UBS dovrà comparire al posto di Credit Suisse nel processo in secondo grado sul riciclaggio di denaro della mafia bulgara, il cui inizio è in agenda per il prossimo 1° ottobre. Il Tribunale penale federale (TPF) ha respinto la richiesta della grande banca di archiviare il caso. UBS sosteneva che l'acquisizione da parte sua di Credit Suisse dovesse avere le stesse conseguenze della morte di una persona fisica. In altre parole, la scomparsa dell'istituto, inglobato appunto dall'ex concorrente, avrebbe dovuto portare all'accantonamento del procedimento penale. In una sentenza pubblicata oggi, la Corte d'appello del TPF respinge però questa interpretazione. Essa sottolinea che le due banche avevano attività simili e che l'accordo di fusione prevede non solo la ripresa del capitale gestito, del personale e dei locali di Credit Suisse, ma anche della sua "posizione in tutti i procedimenti legali, arbitrali e amministrativi".

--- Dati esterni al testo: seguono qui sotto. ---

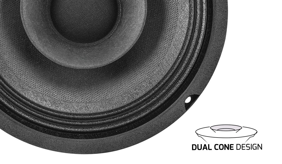 The dual cone setup maximizes sound clarity. The primary cone handles lows to midrange frequencies while the smaller whizzer cone increases high-frequency response, yet it still has a wide frequency range, 80Hz to 20,000Hz, despite its small size.

Il concetto di continuità economica
L'approccio adottato dai giudici di stanza a Bellinzona è conforme a una decisione della giustizia francese avallata dalla Corte europea dei diritti dell'uomo (CEDU). È anche in linea con la legislazione di diversi altri Paesi europei, tra cui Italia, Austria, Spagna, Portogallo, Belgio e Germania. La Corte d'appello ha concluso che porre fine all'esistenza di una società con la sua cancellazione dal registro del commercio è inappropriato e troppo formalistico. Il concetto di continuità economica e funzionale risulta più appropriato e andrebbe quindi preferito. La decisione non è definitiva e può essere impugnata davanti al Tribunale federale (TF).
La condanna
In primo grado, alla fine del mese di giugno del 2022, Credit Suisse era stata condannata a pagare una multa di 2 milioni di franchi e un risarcimento di 19 milioni. La banca era stata ritenuta colpevole per aver aiutato l'organizzazione di Evelin Banev, capo di una rete criminale che importava decine di tonnellate di cocaina in Europa, a riciclare parte dei proventi dell'attività.